**Provided data:**
=== Begin Enclosure ===
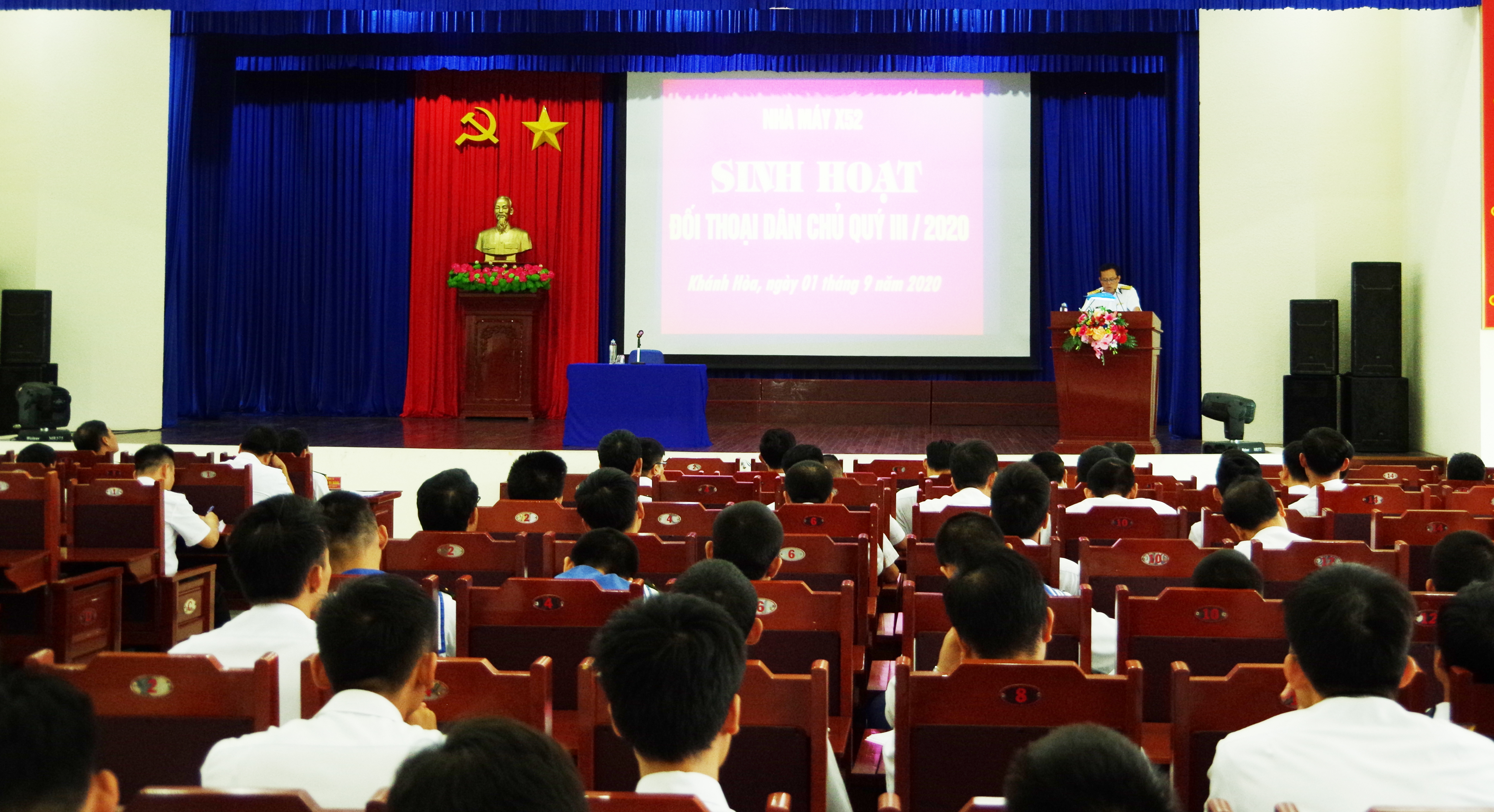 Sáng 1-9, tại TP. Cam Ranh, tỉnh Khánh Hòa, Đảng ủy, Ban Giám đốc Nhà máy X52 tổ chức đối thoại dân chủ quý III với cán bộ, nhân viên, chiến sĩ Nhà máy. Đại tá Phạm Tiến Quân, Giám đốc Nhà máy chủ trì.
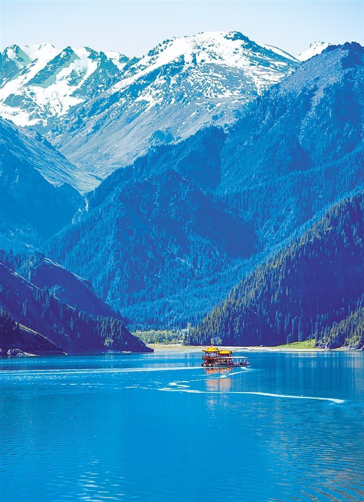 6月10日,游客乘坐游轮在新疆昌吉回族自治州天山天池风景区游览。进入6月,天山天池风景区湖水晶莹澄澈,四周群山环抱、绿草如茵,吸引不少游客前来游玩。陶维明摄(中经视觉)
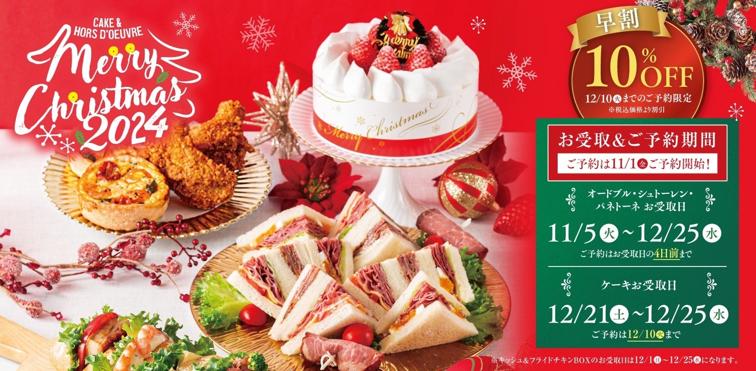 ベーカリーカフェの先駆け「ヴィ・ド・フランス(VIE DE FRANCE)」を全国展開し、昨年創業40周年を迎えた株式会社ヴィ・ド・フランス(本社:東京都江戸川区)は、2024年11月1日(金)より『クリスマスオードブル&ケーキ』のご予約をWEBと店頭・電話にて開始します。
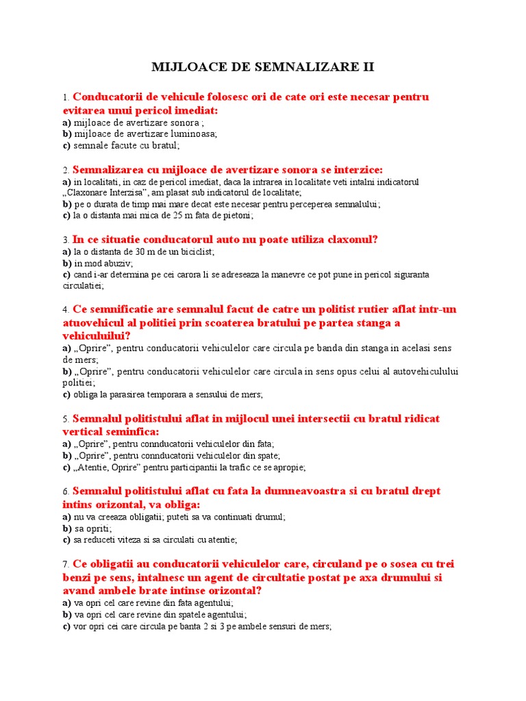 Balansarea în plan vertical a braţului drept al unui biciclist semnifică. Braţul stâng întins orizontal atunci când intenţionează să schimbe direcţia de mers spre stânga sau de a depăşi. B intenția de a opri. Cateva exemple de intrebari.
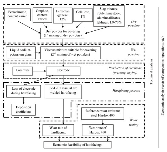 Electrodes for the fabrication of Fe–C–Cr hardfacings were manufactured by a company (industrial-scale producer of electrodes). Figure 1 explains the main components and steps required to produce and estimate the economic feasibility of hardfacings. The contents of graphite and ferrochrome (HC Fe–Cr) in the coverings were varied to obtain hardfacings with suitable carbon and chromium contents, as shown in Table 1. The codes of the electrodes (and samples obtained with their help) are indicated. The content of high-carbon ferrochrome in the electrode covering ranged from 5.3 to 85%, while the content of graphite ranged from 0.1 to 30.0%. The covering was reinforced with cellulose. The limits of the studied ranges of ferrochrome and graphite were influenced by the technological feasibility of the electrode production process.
=== End Enclosure ===
=== Begin Enclosure ===
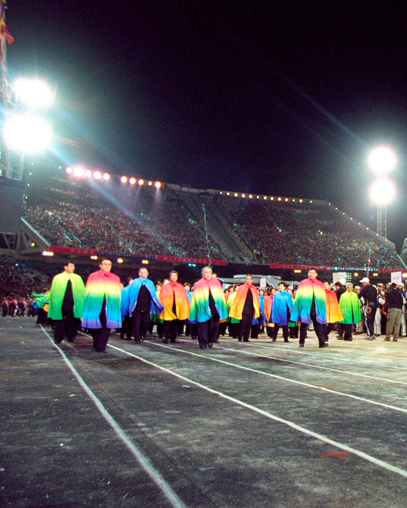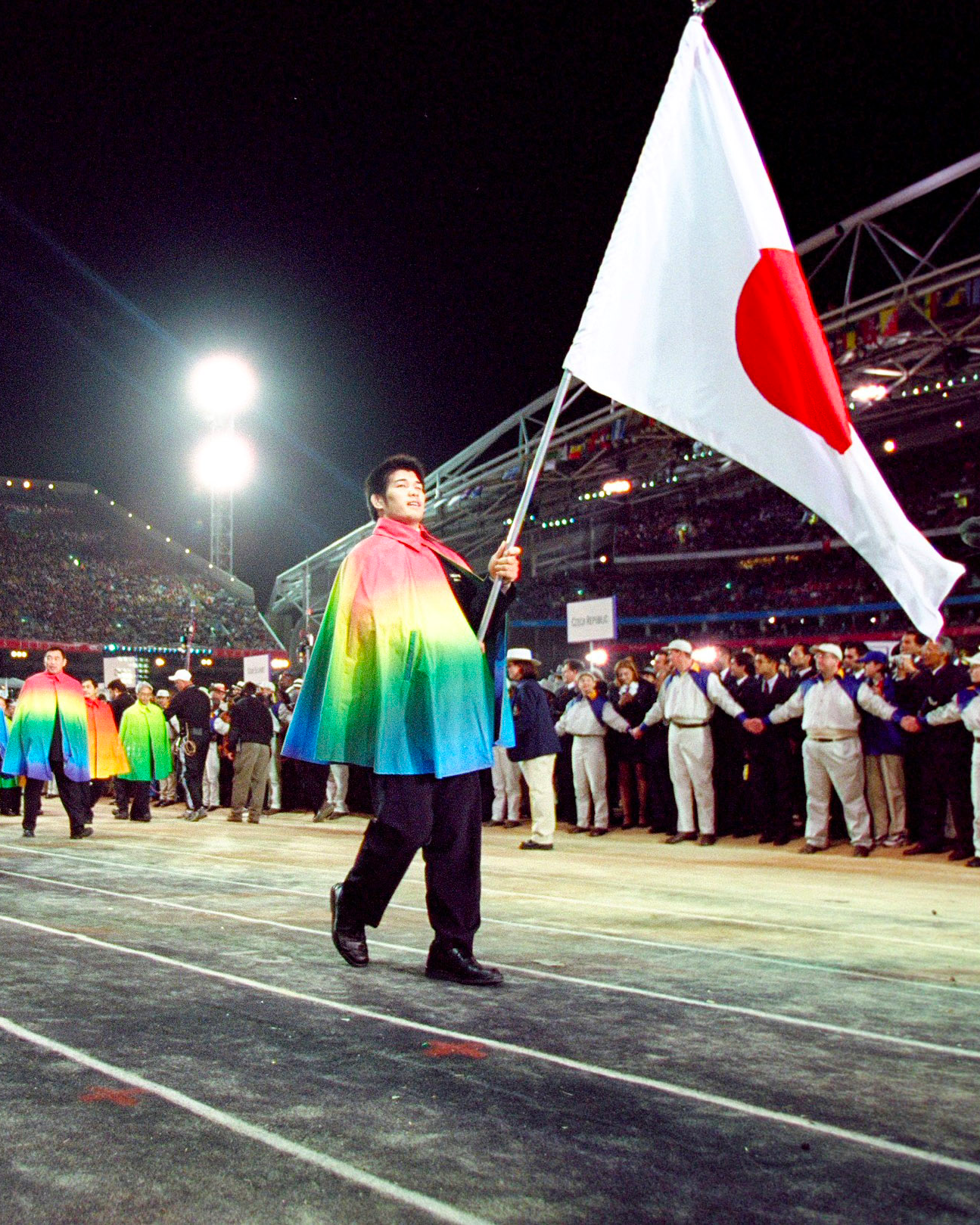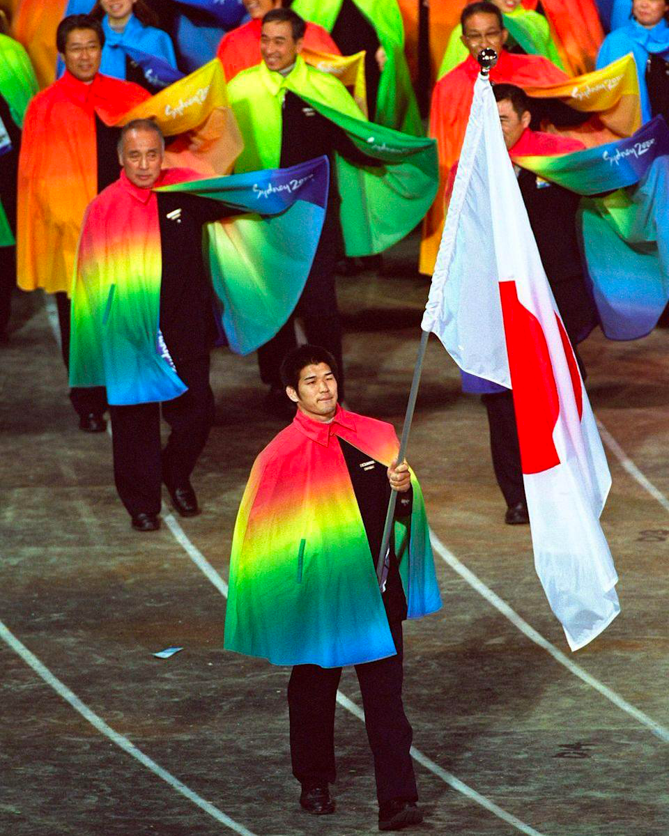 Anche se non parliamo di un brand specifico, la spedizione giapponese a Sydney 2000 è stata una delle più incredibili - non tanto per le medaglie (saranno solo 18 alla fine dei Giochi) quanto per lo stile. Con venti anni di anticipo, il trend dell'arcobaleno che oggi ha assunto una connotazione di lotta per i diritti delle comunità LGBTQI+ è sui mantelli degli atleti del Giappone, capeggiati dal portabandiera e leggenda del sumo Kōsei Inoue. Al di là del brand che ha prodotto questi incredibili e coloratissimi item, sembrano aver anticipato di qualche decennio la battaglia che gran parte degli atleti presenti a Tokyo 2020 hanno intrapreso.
=== End Enclosure ===
=== Begin Enclosure ===
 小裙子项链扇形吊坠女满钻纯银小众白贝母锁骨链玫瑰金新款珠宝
=== End Enclosure ===
**Task requirements:**
What are the lines in the records above, word for word, from the one containing "6月10日,游客乘坐游轮在新" through the one containing "Balansarea în plan", both ends included and pictures left out?

**Task output:**
 6月10日,游客乘坐游轮在新疆昌吉回族自治州天山天池风景区游览。进入6月,天山天池风景区湖水晶莹澄澈,四周群山环抱、绿草如茵,吸引不少游客前来游玩。陶维明摄(中经视觉)
 ベーカリーカフェの先駆け「ヴィ・ド・フランス(VIE DE FRANCE)」を全国展開し、昨年創業40周年を迎えた株式会社ヴィ・ド・フランス(本社:東京都江戸川区)は、2024年11月1日(金)より『クリスマスオードブル&ケーキ』のご予約をWEBと店頭・電話にて開始します。
 Balansarea în plan vertical a braţului drept al unui biciclist semnifică. Braţul stâng întins orizontal atunci când intenţionează să schimbe direcţia de mers spre stânga sau de a depăşi. B intenția de a opri. Cateva exemple de intrebari.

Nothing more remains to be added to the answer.